TASK GOAL
Locate the line bearing "Dépôt de gerbes" in the material below, then reproduce it and each following line up to and including the line bearing "Slika 7 Junko".

DATA RECORDS
○ ○ ○ ○ ○ ○ ○

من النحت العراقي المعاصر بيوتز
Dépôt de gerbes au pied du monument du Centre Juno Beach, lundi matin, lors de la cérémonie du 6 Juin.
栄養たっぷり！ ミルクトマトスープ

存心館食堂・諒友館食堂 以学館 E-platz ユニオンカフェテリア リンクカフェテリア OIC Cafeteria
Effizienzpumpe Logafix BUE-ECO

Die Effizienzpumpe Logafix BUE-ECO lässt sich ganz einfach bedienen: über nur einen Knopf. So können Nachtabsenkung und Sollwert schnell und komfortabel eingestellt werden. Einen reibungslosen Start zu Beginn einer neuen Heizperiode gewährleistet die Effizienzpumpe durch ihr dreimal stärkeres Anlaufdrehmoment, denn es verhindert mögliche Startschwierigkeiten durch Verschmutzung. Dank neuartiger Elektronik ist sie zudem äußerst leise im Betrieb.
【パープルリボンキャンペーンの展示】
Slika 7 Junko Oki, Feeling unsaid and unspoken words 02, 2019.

○ ○ ○ ○ ○ ○ ○

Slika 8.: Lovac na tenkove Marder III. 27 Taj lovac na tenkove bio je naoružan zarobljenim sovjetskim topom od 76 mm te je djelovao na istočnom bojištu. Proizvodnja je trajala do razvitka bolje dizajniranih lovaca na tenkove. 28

○ ○ ○ ○ ○ ○ ○

TASK RESPONSE
Dépôt de gerbes au pied du monument du Centre Juno Beach, lundi matin, lors de la cérémonie du 6 Juin.
栄養たっぷり！ ミルクトマトスープ

存心館食堂・諒友館食堂 以学館 E-platz ユニオンカフェテリア リンクカフェテリア OIC Cafeteria
Effizienzpumpe Logafix BUE-ECO

Die Effizienzpumpe Logafix BUE-ECO lässt sich ganz einfach bedienen: über nur einen Knopf. So können Nachtabsenkung und Sollwert schnell und komfortabel eingestellt werden. Einen reibungslosen Start zu Beginn einer neuen Heizperiode gewährleistet die Effizienzpumpe durch ihr dreimal stärkeres Anlaufdrehmoment, denn es verhindert mögliche Startschwierigkeiten durch Verschmutzung. Dank neuartiger Elektronik ist sie zudem äußerst leise im Betrieb.
【パープルリボンキャンペーンの展示】
Slika 7 Junko Oki, Feeling unsaid and unspoken words 02, 2019.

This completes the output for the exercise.